Understand social media provides unmoderated options for sharing your expertise and thoughts. We understand the balancing act we all perform on social media as we try to maintain the equilibrium between our personal and professional lives. And we like to think of ourselves as humorous online, too. But we shift away from an easy joke once we know we are being sought for our expertise outside of social media.
Instead, we use what would have been an opportunity for humor to provide context or clarity. Unless we are writing a first-person account or being asked about ourselves outside of work, we try to maintain professionalism with opportunities provided by the media. After all, we serve as ambassadors for our institutions in those opportunity-laden moments.
Be courteous to your colleagues. There are gracious ways to share examples of what works and what doesn’t without making others vulnerable or calling them out publicly. While most written pieces are made stronger by including examples, a gifted writer will always find a way to make their point and reference examples without shaming others or making them vulnerable to ridicule.
With the advent of social media, mistakes — or perceived missteps — live on indefinitely. It’s a bad look to call others out publicly, and it’s dangerous not to recognize the consequences for the people targeted. Compassion goes a long way. We are noticing a trend specifically of marketing, communications and higher education hit pieces that leave us and many others questioning the treatment of our profession and its people — and this behavior diminishes trust in those standing on that soapbox. As such, remember that examples can be positive and highlight what works, even when talking about topics that have negative connotations.

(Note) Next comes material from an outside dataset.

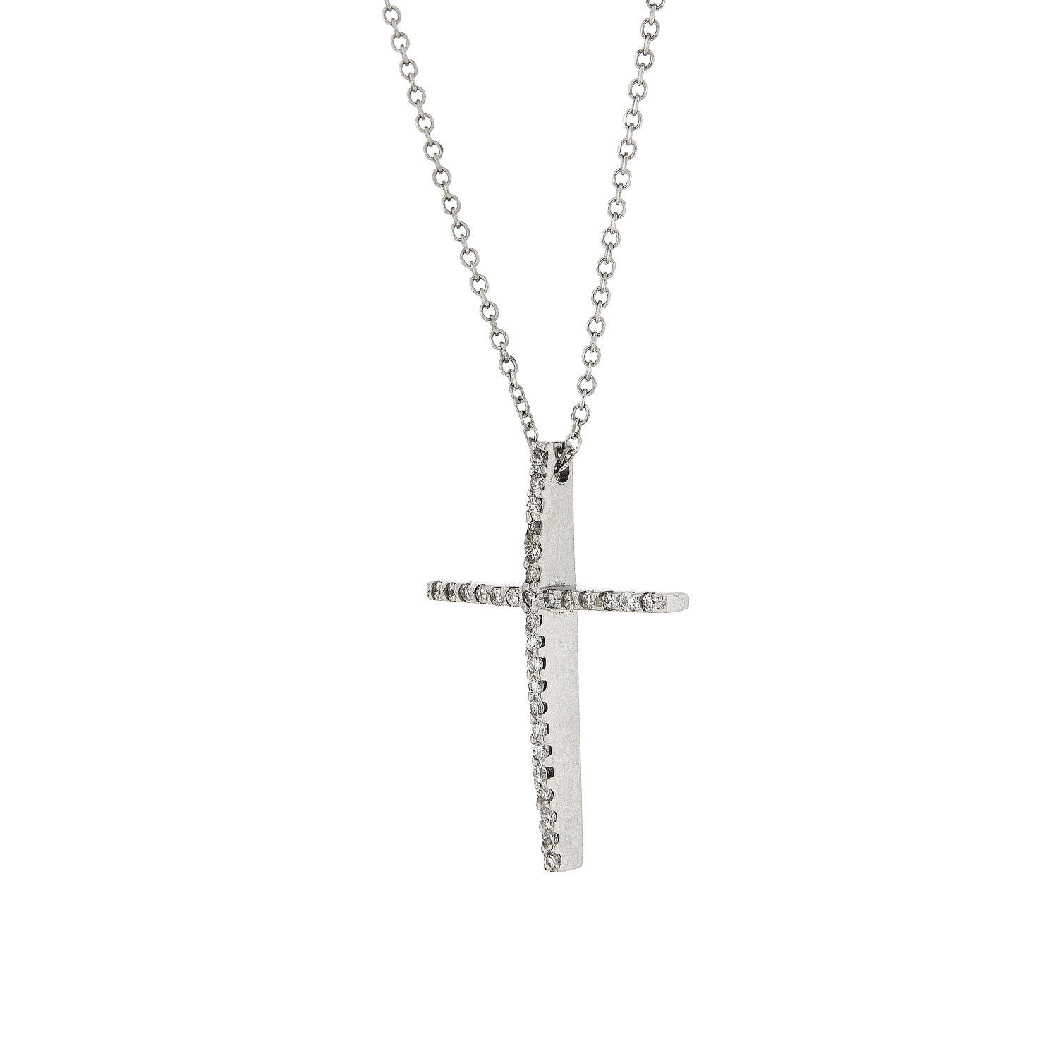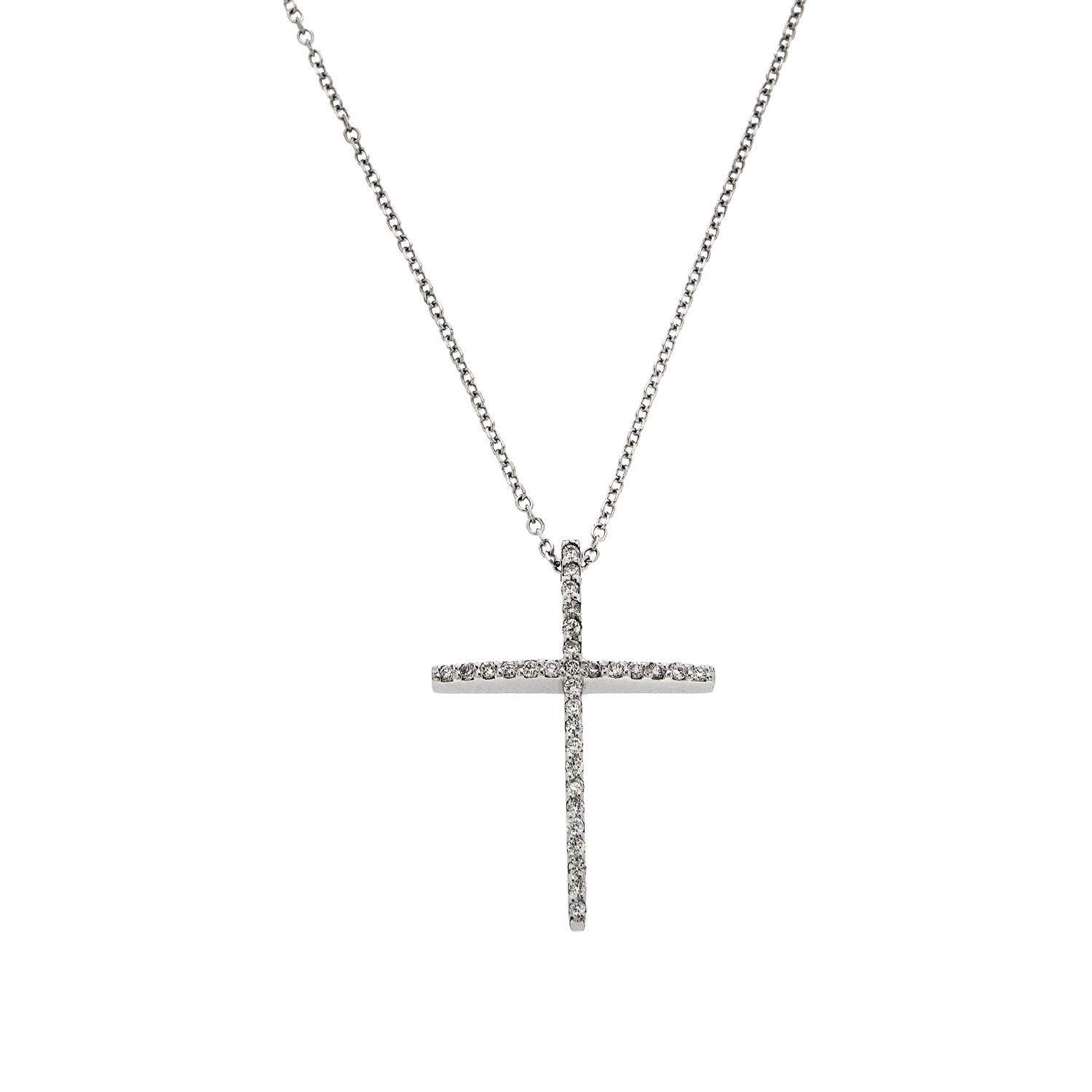 Σταυρός με διαμάντια (μπριγιάν) και αλυσίδα, από λευκόχρυσο 18 καρατίων (κ750).

We have a few final thoughts. While there are no thought leadership police who will cite you for offenses, we have a moral obligation to each other to provide sound guidance when in a leadership role. Academia is a small world where everyone knows everyone else; therefore, we encourage you to use your position as a leader to give advice that will stand the test of time, encourages others to shine and positions colleagues for success. And when they follow your thought leadership to get there, their buoyed position can raise your profile, too.